Saved entries
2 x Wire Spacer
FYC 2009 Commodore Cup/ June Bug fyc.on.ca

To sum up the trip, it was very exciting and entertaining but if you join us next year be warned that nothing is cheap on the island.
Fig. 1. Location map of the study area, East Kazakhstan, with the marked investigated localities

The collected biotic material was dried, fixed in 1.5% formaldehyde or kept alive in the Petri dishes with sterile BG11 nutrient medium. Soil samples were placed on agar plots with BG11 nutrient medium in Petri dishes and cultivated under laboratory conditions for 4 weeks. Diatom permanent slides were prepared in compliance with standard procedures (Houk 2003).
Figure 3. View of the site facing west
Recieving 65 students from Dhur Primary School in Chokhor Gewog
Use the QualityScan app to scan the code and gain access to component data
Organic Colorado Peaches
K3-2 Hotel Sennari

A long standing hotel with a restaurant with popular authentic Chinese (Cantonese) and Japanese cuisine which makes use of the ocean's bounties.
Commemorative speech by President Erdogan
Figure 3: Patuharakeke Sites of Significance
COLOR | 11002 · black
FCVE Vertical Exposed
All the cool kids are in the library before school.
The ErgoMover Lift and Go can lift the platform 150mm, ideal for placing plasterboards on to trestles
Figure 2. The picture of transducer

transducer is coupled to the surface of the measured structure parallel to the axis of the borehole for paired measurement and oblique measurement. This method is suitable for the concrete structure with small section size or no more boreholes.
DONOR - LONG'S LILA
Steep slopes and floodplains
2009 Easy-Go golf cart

Action item — Where the line containing "transducer is coupled" appears in the records above, begin copying and continue through the last line; copy each line exactly and include no others.

Answer to the exercise —
transducer is coupled to the surface of the measured structure parallel to the axis of the borehole for paired measurement and oblique measurement. This method is suitable for the concrete structure with small section size or no more boreholes.
DONOR - LONG'S LILA
Steep slopes and floodplains
2009 Easy-Go golf cart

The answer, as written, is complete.